[Data records]
==========
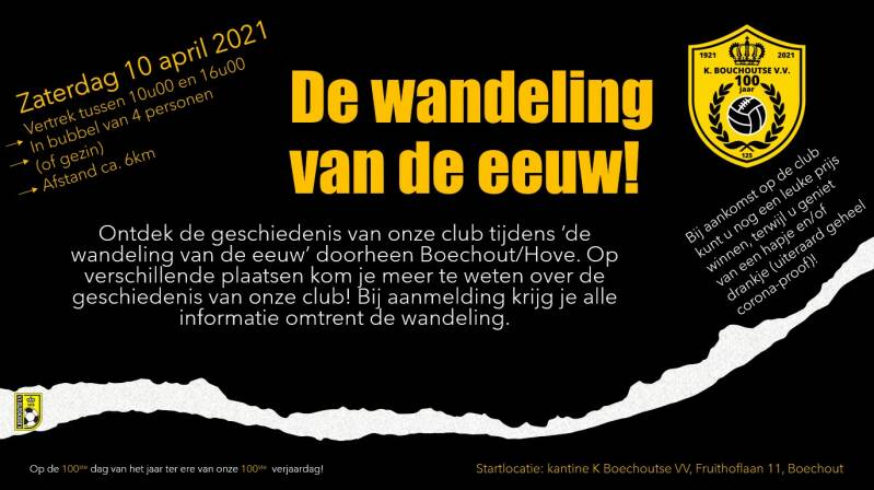 Zaterdag 10 april 2021 is die befaamde 100ste dag. Kom per bubbel van maximum 4 personen (of gezin) naar onze terreinen en meld je aan. Je krijgt dan de wandelroute waarin je veel meer te weten komt over de geschiedenis van onze club terwijl je doorheen Boechout (en een klein stukje Hove) wandelt.
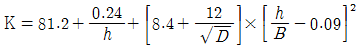 수로 및 직각 3각 위어판을 만들어 유량을 산출할 때 위어의 수두 0.2m, 수로의 밑면에서 절단 하부점까지의 높이 0.75m, 수로의 폭 0.5m일 때의 위어의 유량(m3/min)은? (단,
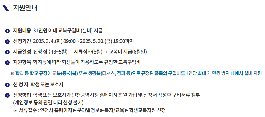 - 교복 실비 지원 (동복·하복 또는 생활복 포함)
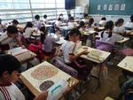 3年生は2学級とも図工でした。四つ切サイズの大きな用紙に描いています。主役となるものを大きく描いていました。ヒマワリを大きく描き種の部分を様々な絵の具の色を載せていっています。もう1学級は海の生き物を主役に書きます。イルカやジンベイザメなどタブレットで探した写真を参考に描いていました。3時間目は校庭で学年体育でした。体力テストの20mシャトルランを計測しました。昨年度よりも記録が伸びたかな?
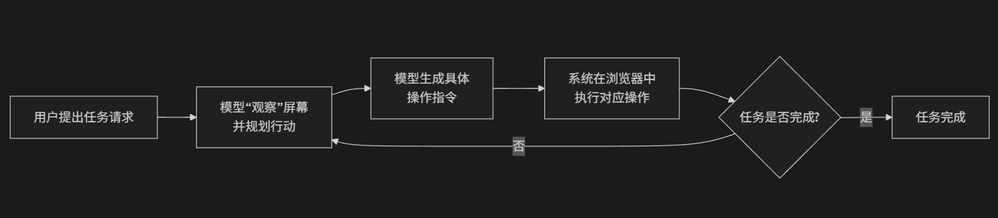 循环:模型根据“操作后”的新界面,再次进行感知、决策和行动,如此循环,直到你提出的任务完成为止。
==========
> [Directions]: The pictures in the entries above should be left out; all else must be copied exactly.

> [Result]:
 Zaterdag 10 april 2021 is die befaamde 100ste dag. Kom per bubbel van maximum 4 personen (of gezin) naar onze terreinen en meld je aan. Je krijgt dan de wandelroute waarin je veel meer te weten komt over de geschiedenis van onze club terwijl je doorheen Boechout (en een klein stukje Hove) wandelt.
 수로 및 직각 3각 위어판을 만들어 유량을 산출할 때 위어의 수두 0.2m, 수로의 밑면에서 절단 하부점까지의 높이 0.75m, 수로의 폭 0.5m일 때의 위어의 유량(m3/min)은? (단,
 - 교복 실비 지원 (동복·하복 또는 생활복 포함)
 3年生は2学級とも図工でした。四つ切サイズの大きな用紙に描いています。主役となるものを大きく描いていました。ヒマワリを大きく描き種の部分を様々な絵の具の色を載せていっています。もう1学級は海の生き物を主役に書きます。イルカやジンベイザメなどタブレットで探した写真を参考に描いていました。3時間目は校庭で学年体育でした。体力テストの20mシャトルランを計測しました。昨年度よりも記録が伸びたかな?
 循环:模型根据“操作后”的新界面,再次进行感知、决策和行动,如此循环,直到你提出的任务完成为止。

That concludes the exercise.